▸ DIRECTIONS FOR THIS TASK
When copying the listing below, skip every picture and keep each word as it stands.

START DATA PROVIDED

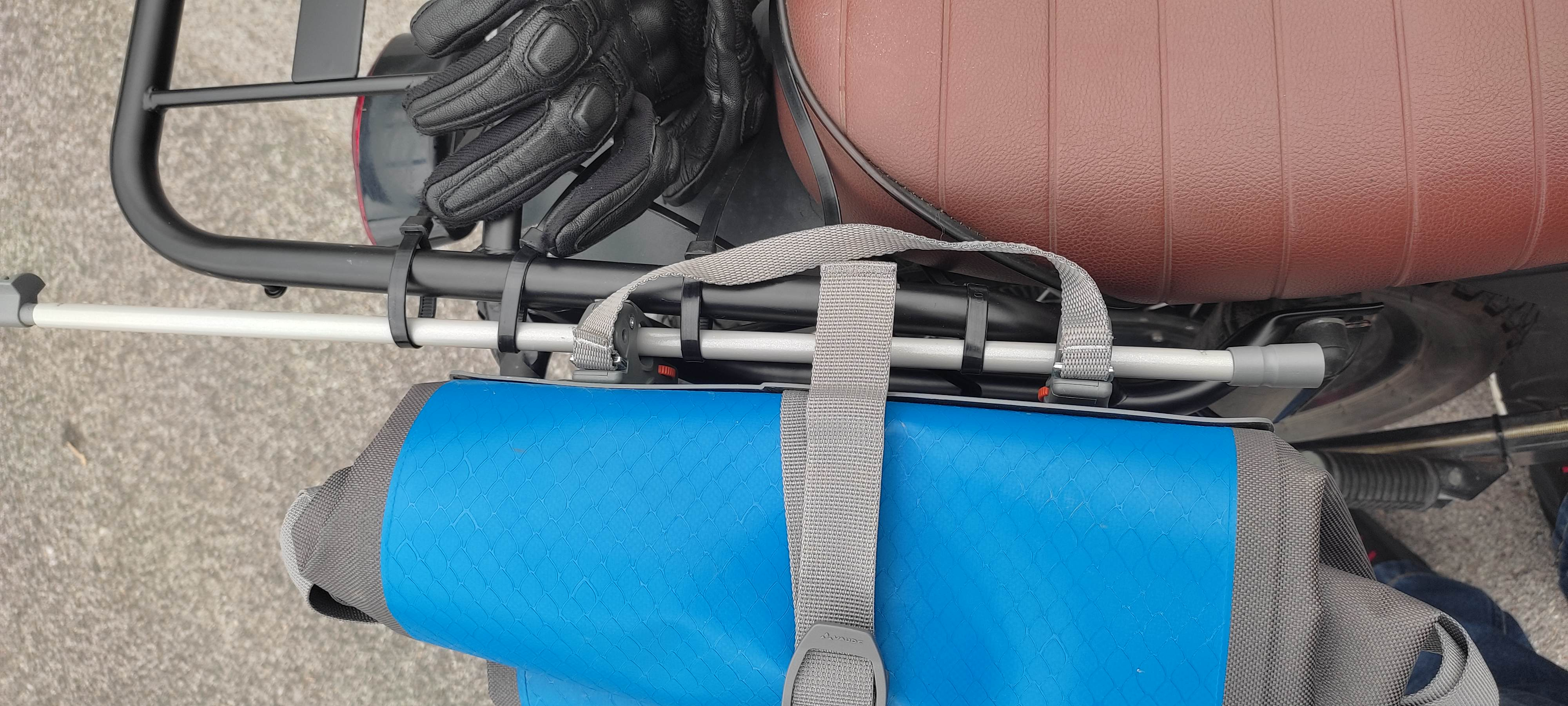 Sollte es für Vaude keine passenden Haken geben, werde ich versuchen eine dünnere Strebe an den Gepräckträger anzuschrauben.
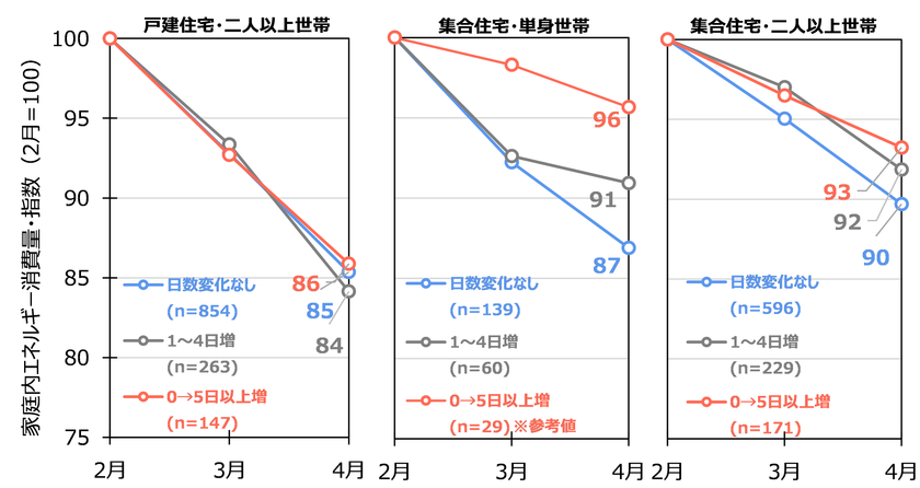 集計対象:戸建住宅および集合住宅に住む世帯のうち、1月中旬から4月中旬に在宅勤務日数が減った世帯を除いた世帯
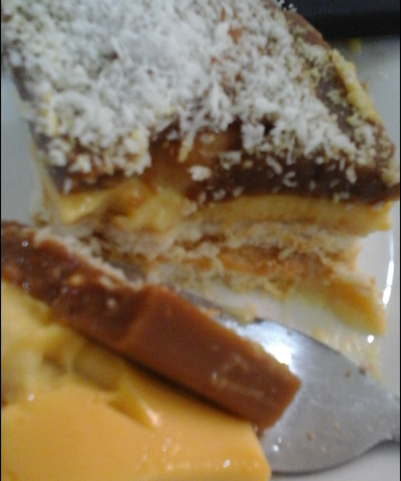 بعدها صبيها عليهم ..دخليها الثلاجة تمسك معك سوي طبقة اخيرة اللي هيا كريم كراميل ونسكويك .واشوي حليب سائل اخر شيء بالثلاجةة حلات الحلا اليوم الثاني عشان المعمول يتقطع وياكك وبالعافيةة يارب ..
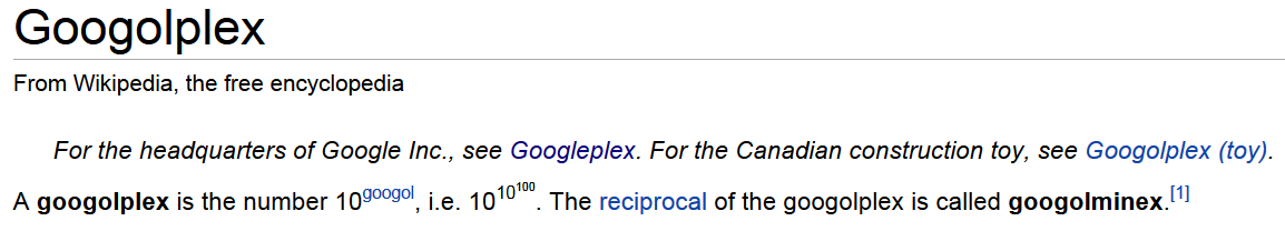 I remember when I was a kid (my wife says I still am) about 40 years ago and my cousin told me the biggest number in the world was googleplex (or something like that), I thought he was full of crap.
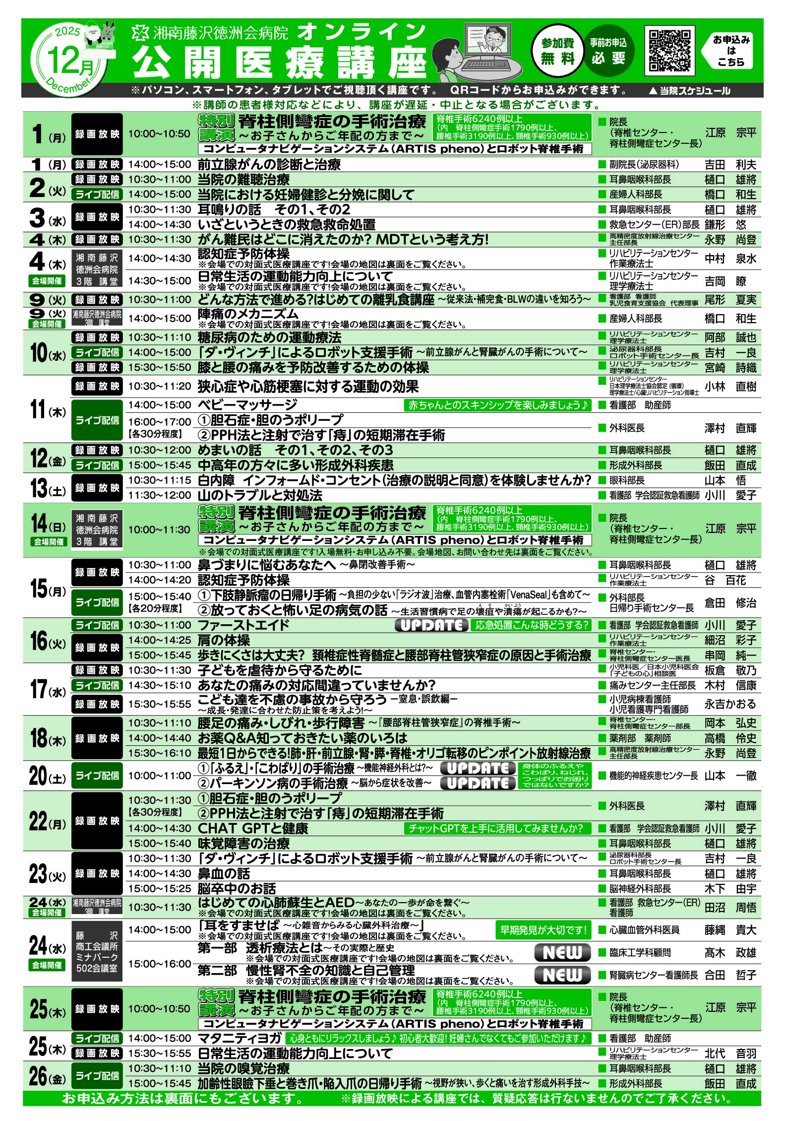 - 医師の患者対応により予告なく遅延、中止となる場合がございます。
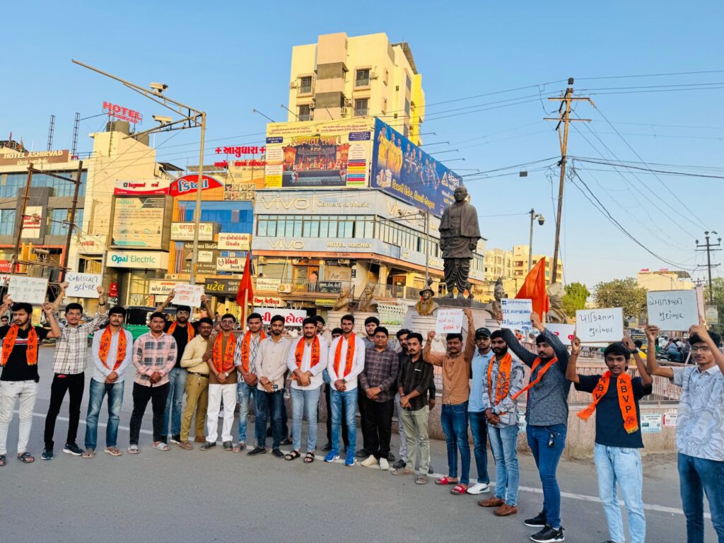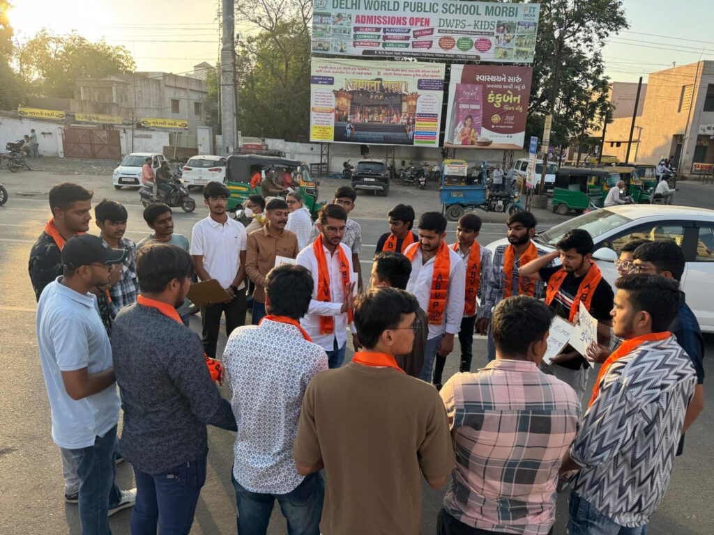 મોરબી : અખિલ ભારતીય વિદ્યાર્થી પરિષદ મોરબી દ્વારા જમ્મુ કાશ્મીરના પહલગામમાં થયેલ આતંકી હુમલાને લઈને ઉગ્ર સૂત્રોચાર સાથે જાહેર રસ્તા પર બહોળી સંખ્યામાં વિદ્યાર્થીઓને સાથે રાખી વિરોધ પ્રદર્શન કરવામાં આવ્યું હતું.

END DATA PROVIDED

▸ WRITTEN RESPONSE
 Sollte es für Vaude keine passenden Haken geben, werde ich versuchen eine dünnere Strebe an den Gepräckträger anzuschrauben.
 集計対象:戸建住宅および集合住宅に住む世帯のうち、1月中旬から4月中旬に在宅勤務日数が減った世帯を除いた世帯
 بعدها صبيها عليهم ..دخليها الثلاجة تمسك معك سوي طبقة اخيرة اللي هيا كريم كراميل ونسكويك .واشوي حليب سائل اخر شيء بالثلاجةة حلات الحلا اليوم الثاني عشان المعمول يتقطع وياكك وبالعافيةة يارب ..
 I remember when I was a kid (my wife says I still am) about 40 years ago and my cousin told me the biggest number in the world was googleplex (or something like that), I thought he was full of crap.
 - 医師の患者対応により予告なく遅延、中止となる場合がございます。
 મોરબી : અખિલ ભારતીય વિદ્યાર્થી પરિષદ મોરબી દ્વારા જમ્મુ કાશ્મીરના પહલગામમાં થયેલ આતંકી હુમલાને લઈને ઉગ્ર સૂત્રોચાર સાથે જાહેર રસ્તા પર બહોળી સંખ્યામાં વિદ્યાર્થીઓને સાથે રાખી વિરોધ પ્રદર્શન કરવામાં આવ્યું હતું.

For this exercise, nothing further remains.